- **EXERCISE**:
Beginning with the line that contains "Einbauspüle. Composite, mit" and ending with the line that contains "Brown cotton/polyester blend", reproduce the lines of the entries below exactly, omitting pictures.
Start of DATA FOR THIS EXERCISE
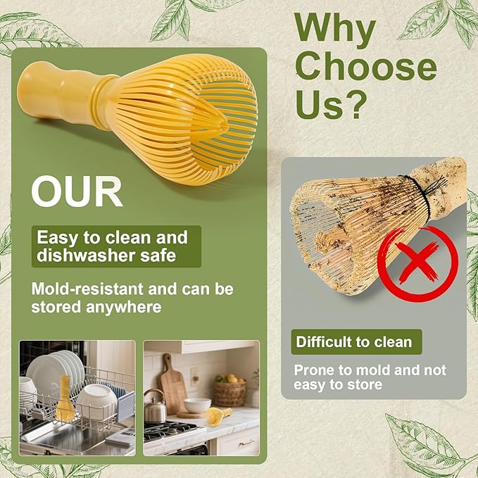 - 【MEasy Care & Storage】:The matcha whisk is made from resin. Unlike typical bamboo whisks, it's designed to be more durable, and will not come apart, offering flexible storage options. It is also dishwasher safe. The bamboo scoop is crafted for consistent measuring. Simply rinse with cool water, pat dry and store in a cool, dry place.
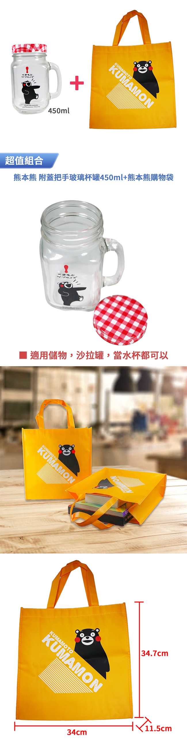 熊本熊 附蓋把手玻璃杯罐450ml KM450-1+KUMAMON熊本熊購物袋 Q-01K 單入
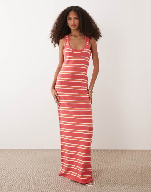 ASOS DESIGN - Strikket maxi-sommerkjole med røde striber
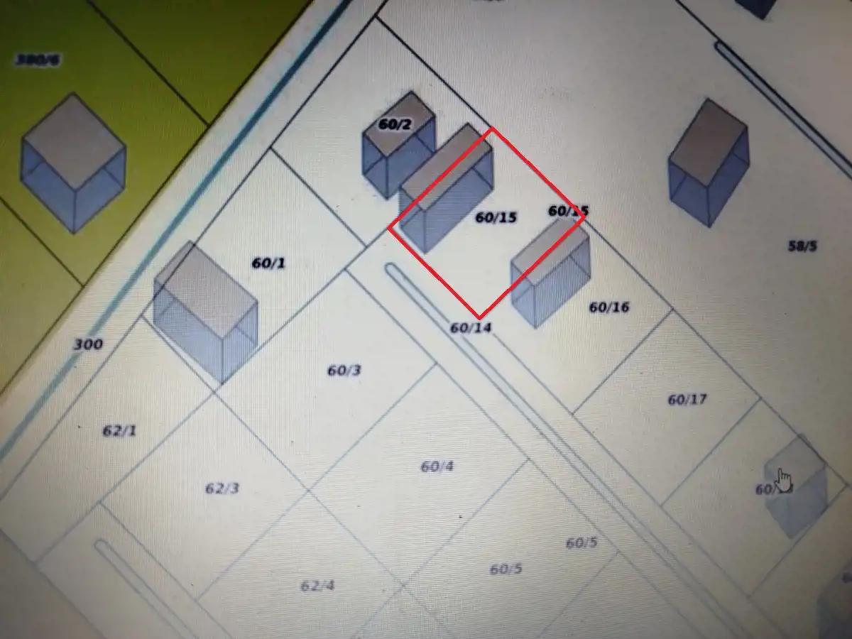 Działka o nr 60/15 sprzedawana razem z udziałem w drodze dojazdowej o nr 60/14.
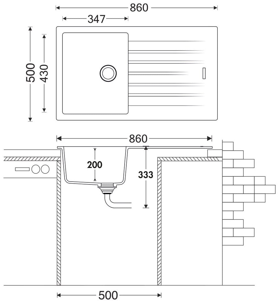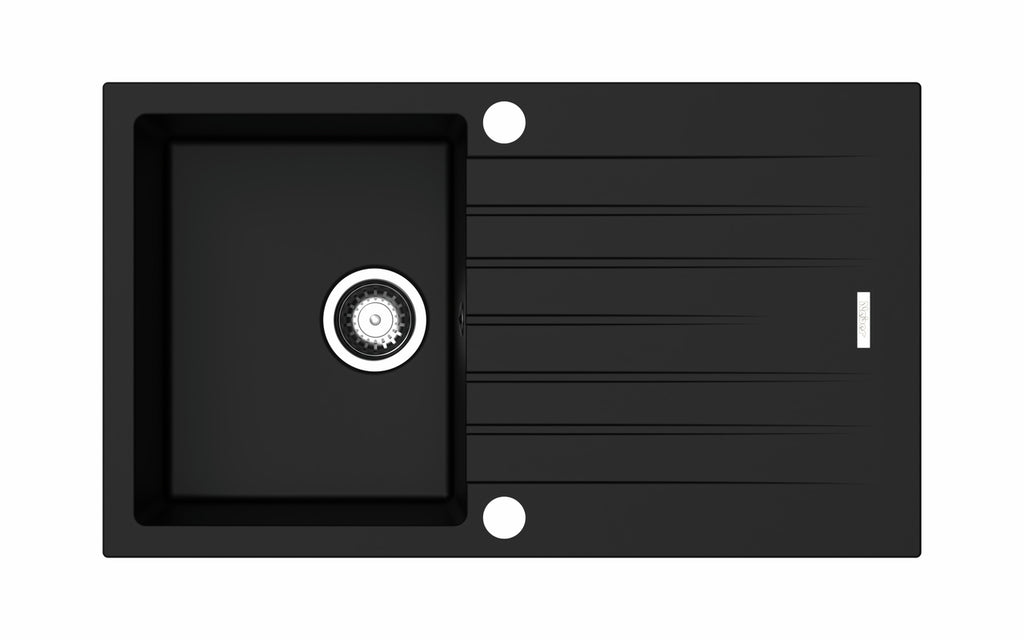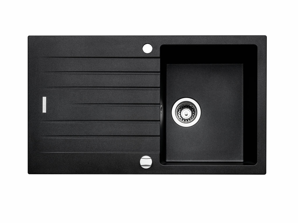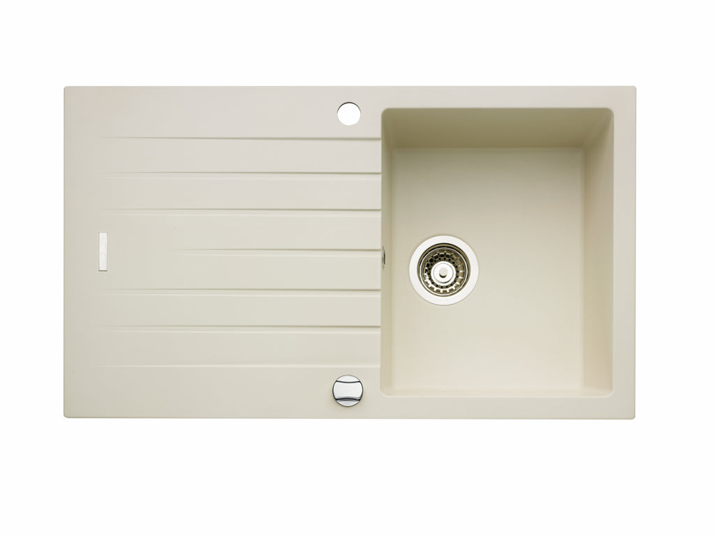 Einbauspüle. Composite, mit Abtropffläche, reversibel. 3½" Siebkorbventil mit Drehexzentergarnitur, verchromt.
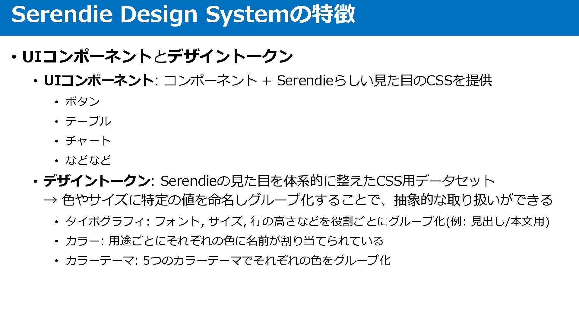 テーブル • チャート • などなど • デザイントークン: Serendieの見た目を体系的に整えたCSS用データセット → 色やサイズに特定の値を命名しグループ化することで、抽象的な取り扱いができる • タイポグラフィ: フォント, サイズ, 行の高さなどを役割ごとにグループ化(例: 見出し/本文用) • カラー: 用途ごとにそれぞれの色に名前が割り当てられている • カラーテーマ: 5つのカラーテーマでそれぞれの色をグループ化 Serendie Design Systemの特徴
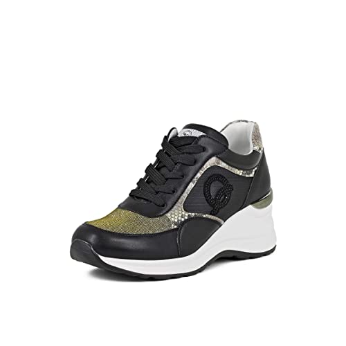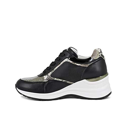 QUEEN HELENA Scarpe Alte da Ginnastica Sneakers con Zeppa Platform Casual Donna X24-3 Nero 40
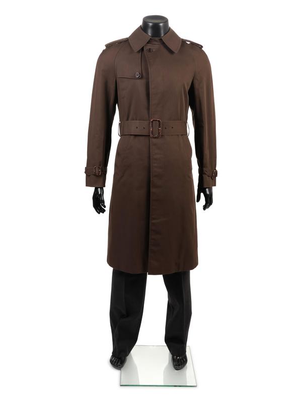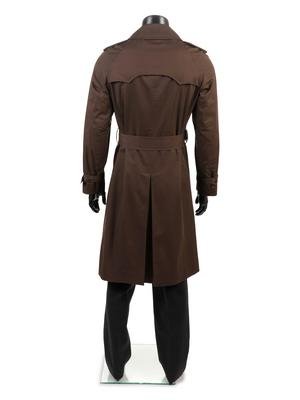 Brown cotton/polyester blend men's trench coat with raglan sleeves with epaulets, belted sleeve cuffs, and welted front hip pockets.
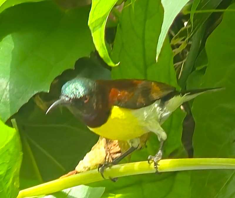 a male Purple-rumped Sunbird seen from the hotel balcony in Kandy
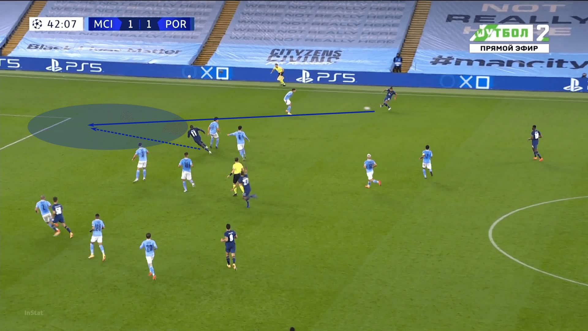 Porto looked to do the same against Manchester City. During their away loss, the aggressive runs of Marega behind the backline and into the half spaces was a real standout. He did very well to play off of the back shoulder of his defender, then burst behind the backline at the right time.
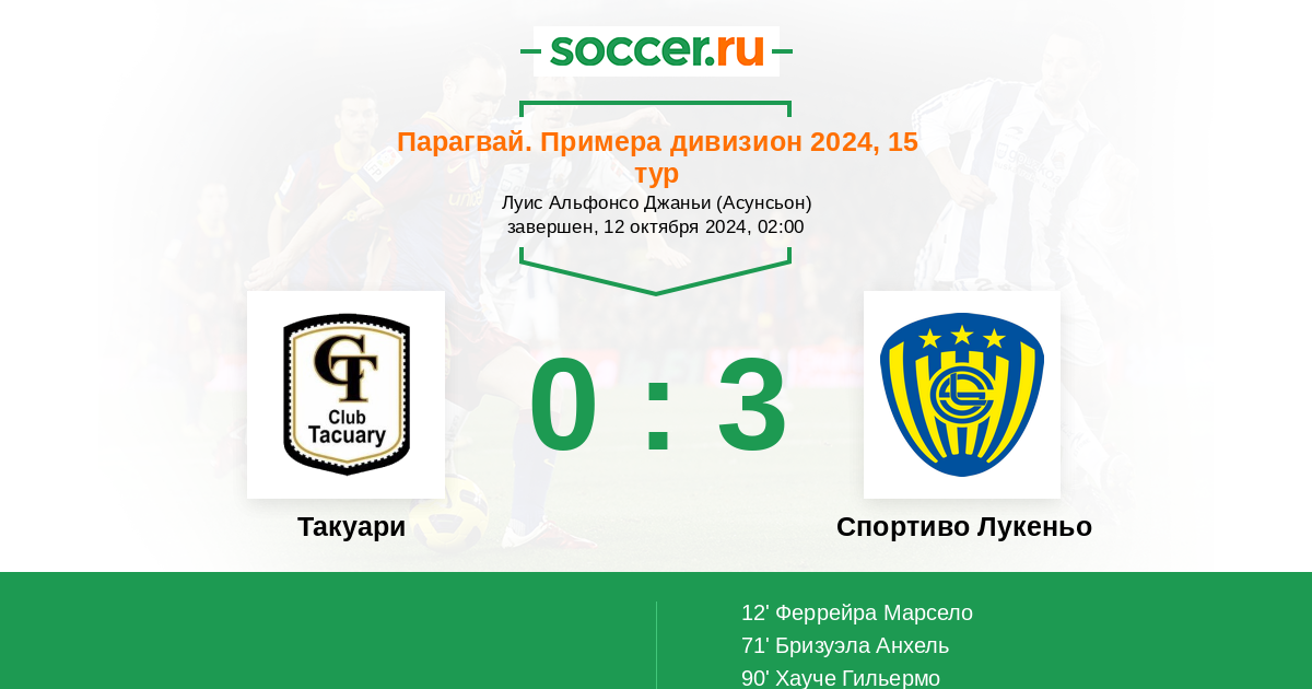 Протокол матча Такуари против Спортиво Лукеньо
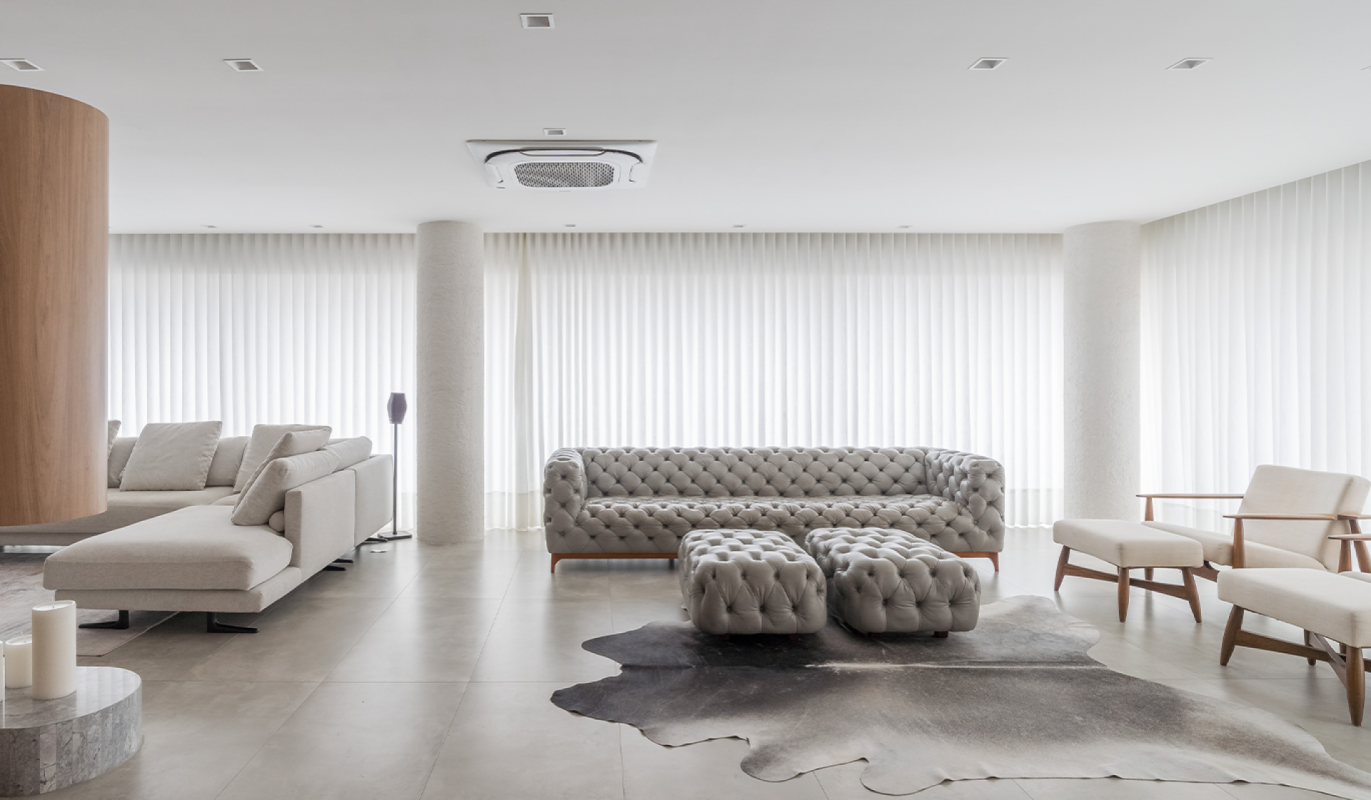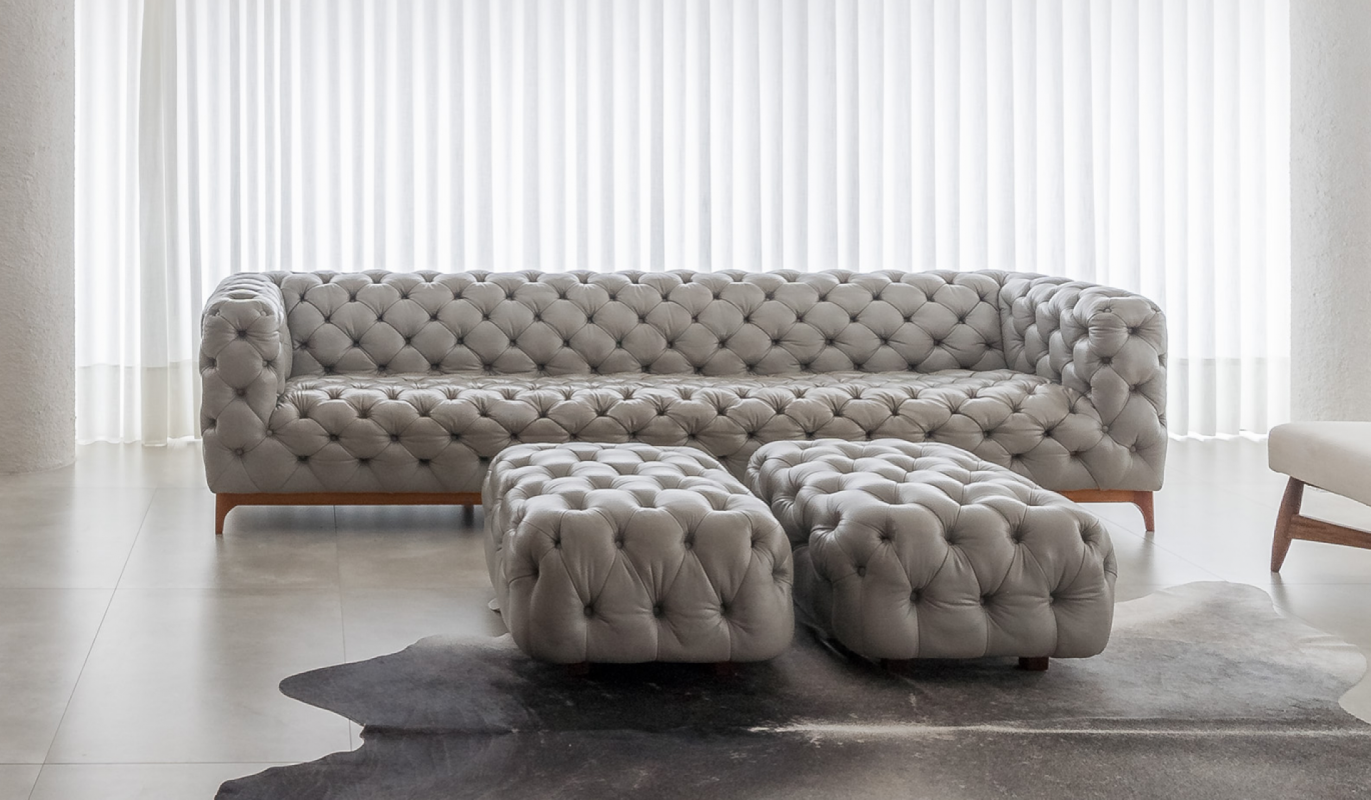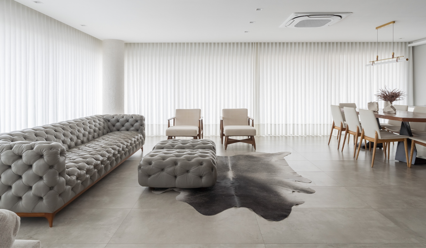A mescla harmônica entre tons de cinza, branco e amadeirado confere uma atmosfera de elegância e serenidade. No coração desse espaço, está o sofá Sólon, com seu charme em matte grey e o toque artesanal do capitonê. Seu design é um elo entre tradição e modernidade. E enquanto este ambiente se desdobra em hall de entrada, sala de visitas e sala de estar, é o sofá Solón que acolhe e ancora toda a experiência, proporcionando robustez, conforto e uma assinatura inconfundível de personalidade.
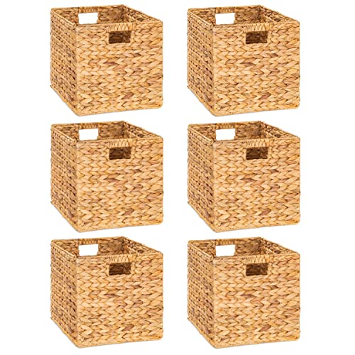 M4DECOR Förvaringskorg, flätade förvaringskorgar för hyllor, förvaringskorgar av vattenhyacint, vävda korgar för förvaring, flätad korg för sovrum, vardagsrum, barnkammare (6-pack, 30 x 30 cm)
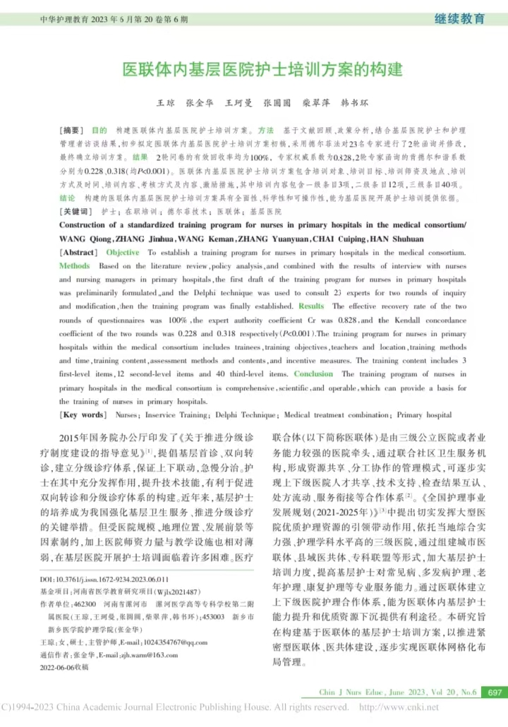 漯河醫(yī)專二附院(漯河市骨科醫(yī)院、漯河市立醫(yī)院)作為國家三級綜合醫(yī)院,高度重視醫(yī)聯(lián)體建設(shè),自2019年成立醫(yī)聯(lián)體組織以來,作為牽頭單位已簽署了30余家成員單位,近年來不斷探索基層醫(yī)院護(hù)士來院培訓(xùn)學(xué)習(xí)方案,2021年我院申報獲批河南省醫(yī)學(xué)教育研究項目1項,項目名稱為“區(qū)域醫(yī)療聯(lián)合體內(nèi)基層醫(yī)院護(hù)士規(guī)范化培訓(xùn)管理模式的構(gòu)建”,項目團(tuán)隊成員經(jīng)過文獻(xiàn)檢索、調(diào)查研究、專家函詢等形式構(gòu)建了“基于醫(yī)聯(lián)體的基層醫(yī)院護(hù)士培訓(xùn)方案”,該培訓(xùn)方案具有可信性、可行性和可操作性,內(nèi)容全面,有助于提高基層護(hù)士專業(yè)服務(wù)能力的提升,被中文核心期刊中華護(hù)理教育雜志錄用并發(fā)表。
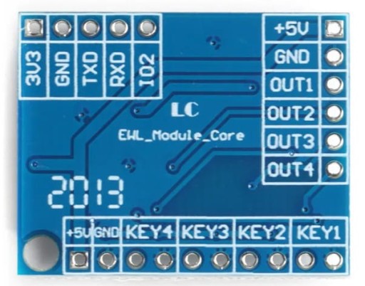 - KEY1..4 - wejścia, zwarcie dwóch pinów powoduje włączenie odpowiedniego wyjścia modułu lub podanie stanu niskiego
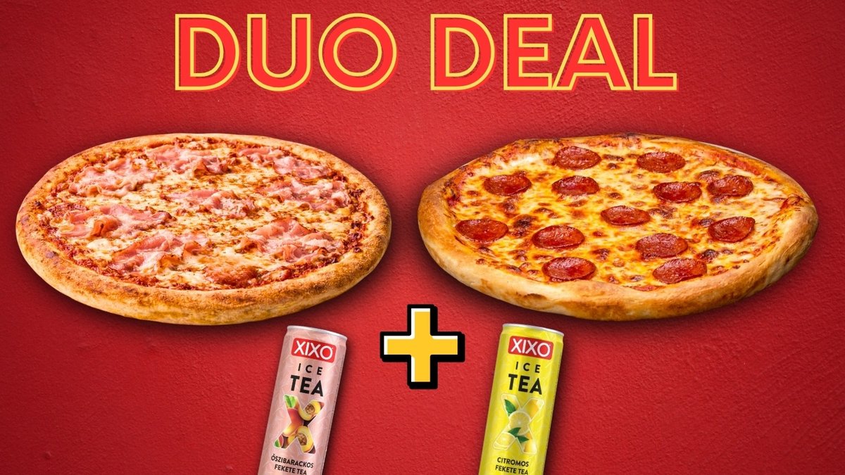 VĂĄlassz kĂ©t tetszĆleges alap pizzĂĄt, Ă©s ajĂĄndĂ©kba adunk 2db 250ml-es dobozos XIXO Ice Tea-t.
End of DATA FOR THIS EXERCISE
- **OUTPUT OF THE TASK**:
 Einbauspüle. Composite, mit Abtropffläche, reversibel. 3½" Siebkorbventil mit Drehexzentergarnitur, verchromt.
 テーブル • チャート • などなど • デザイントークン: Serendieの見た目を体系的に整えたCSS用データセット → 色やサイズに特定の値を命名しグループ化することで、抽象的な取り扱いができる • タイポグラフィ: フォント, サイズ, 行の高さなどを役割ごとにグループ化(例: 見出し/本文用) • カラー: 用途ごとにそれぞれの色に名前が割り当てられている • カラーテーマ: 5つのカラーテーマでそれぞれの色をグループ化 Serendie Design Systemの特徴
 QUEEN HELENA Scarpe Alte da Ginnastica Sneakers con Zeppa Platform Casual Donna X24-3 Nero 40
 Brown cotton/polyester blend men's trench coat with raglan sleeves with epaulets, belted sleeve cuffs, and welted front hip pockets.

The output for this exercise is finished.